Given the absence of roads, there are only three ways to explore the Grand Canyon below the rims: hiking, mule trips, and river flat trips.

Around 40,000 people a year backpack into the canyon for overnight stays that can vary from one night to several weeks. Far more people are day hikers who venture a short distance down one of three main trails for a taste of what it’s like to stare up at the imposing canyon walls.

Whether on a multi-day trek or an hour-long hike, walkers should always check out trail and weather conditions before plunging down the path. The most timely and accurate information is available from the national park visitor centers or the Backcountry Information Center on the South Rim.

Bright Angel Trail from the South Rim is the safest and best maintained route into the canyon and includes shade structures, emergency phones, toilets, and taps for refilling water bottles. With a trailhead just west of the South Rim Village, the Bright Angel dives quickly downward via a series of switchbacks to Indian Garden (4.8 miles/7.7 km) and a suspension bridge over the Colorado River to Bright Angel Campground (9.5 miles/15.3 km) and nearby Phantom Ranch. The route more or less follows a path that Native Americans and 19th-century prospectors took into the canyon.

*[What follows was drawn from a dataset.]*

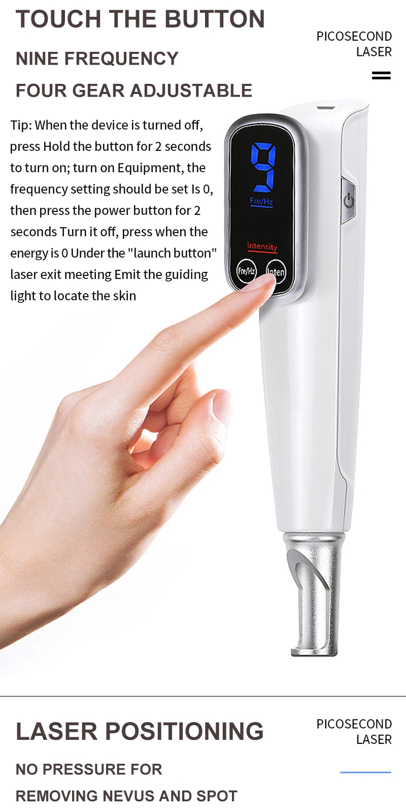 Совет: когда устройство выключено, нажмите удерживайте кнопку в течение 2 секунд, чтобы включить; Для включения оборудования необходимо установить настройку частоты 0, затем Нажмите кнопку питания в течение 2 секунд, чтобы выключить его, нажмите, когда энергия будет 0 под "запуск кнопки" выход лазера испускает направляющий светильник, чтобы определить местоположение кожи
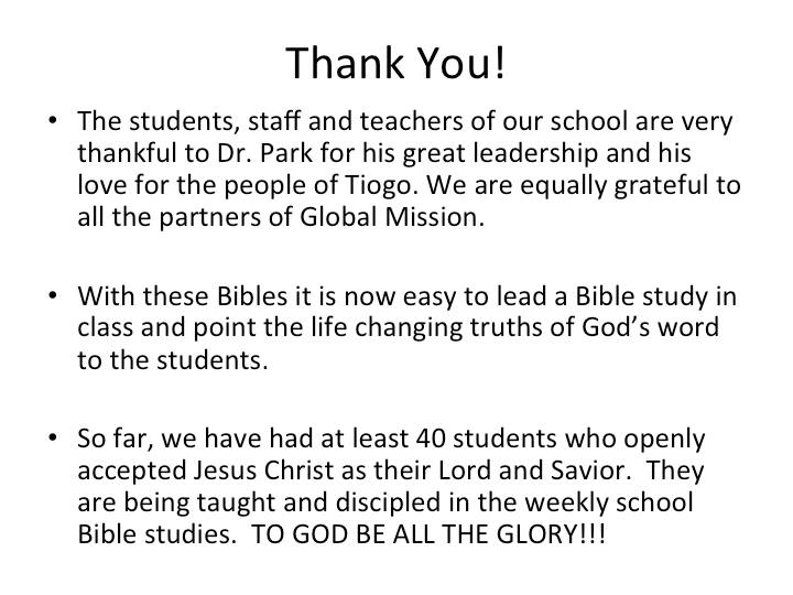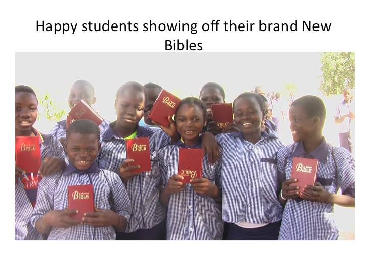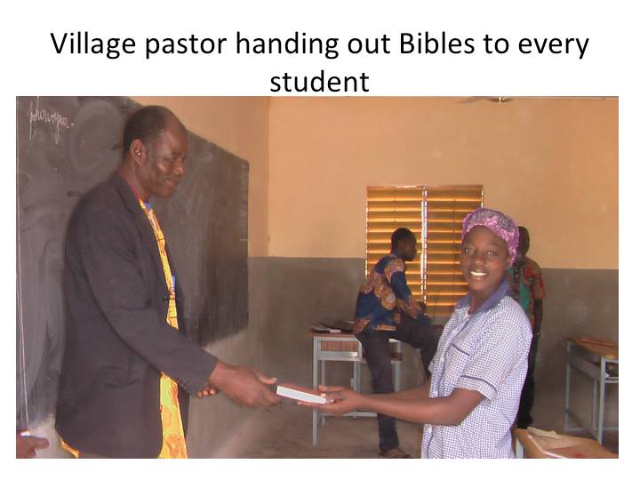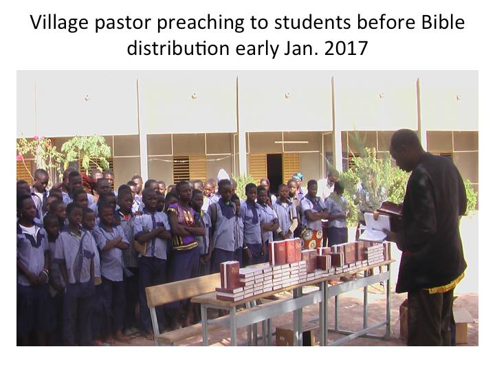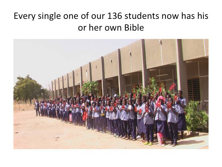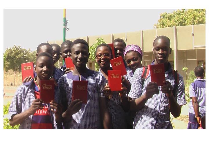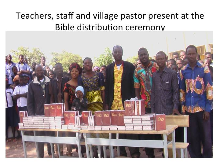 잠시 로스앤젤레스 어머님댁을 방문하게 되었는데 시어머님께서 그간 정성스레 모아오신 3700불을 주시면서 부르기나 파소 티오고 중고교에 새로 들어오게 되는 학생들을 위하여 불란서 성경책을 사주라고 하셨습니다. 작년에 44명에게 불란서 성경을 사주셨는데 올해에 인원이 많이 늘어 120명( 보내온 편지에 의하면 136명이 되었다고 하네요) 이 되었기 때문입니다. 또 학생들이 찬양할 수 있도록 악기를 준비하도록 하라고 하셨습니다. 마침 학교 교장이며 현지인 동역자인 파우형제가 결혼을 앞두고 있어서 그 가정을 위해서도 기쁜 선물을 보낼수 있었습니다. 참 감사합니다.

Although more primitive, the South Kaibab Trail is a slightly shorter path and offers better day-hike options. The total distance from trailhead to the river is 6.7 miles (10.78 km). But several stops along the way offer spectacular views for those who don’t want to trek the entire way to the canyon floor, including Ooa-Aah Point (1.8-mile/2.9-km round trip), Cedar Ridge (3-mile/4.8-km return) and Skeleton Point (6-mile/9.6-km return).

The only path into the canyon from the opposite rim is the North Kaibab Trail, a 14-mile (22.5-km) hoof down to Phantom Ranch and the river. Several trails wind through the canyon, including the rugged, multi-day Tonto Trail, which wanders 70 miles (112.65 km) from east to west below the South Rim.

Mule trips into the canyon are offered from both rims. The South Rim features day trips and multi-day pack trips with stops at Phantom Ranch; the North Rim offers only rides.

Sixteen companies own concessions from the Park Service to run float trips down the Colorado River between Lees Ferry and Diamond Creek. Four types of craft are used: paddled rafts, oared rafts, motorized rafts, and wooden dories that recall Powell’s landmark 1869 journey down the river. Trips range from three to 18 days and include riverside camping throughout. A full list of river rafts is posted at nps.gov/grca/planyourvisit/river-concessioners.htm.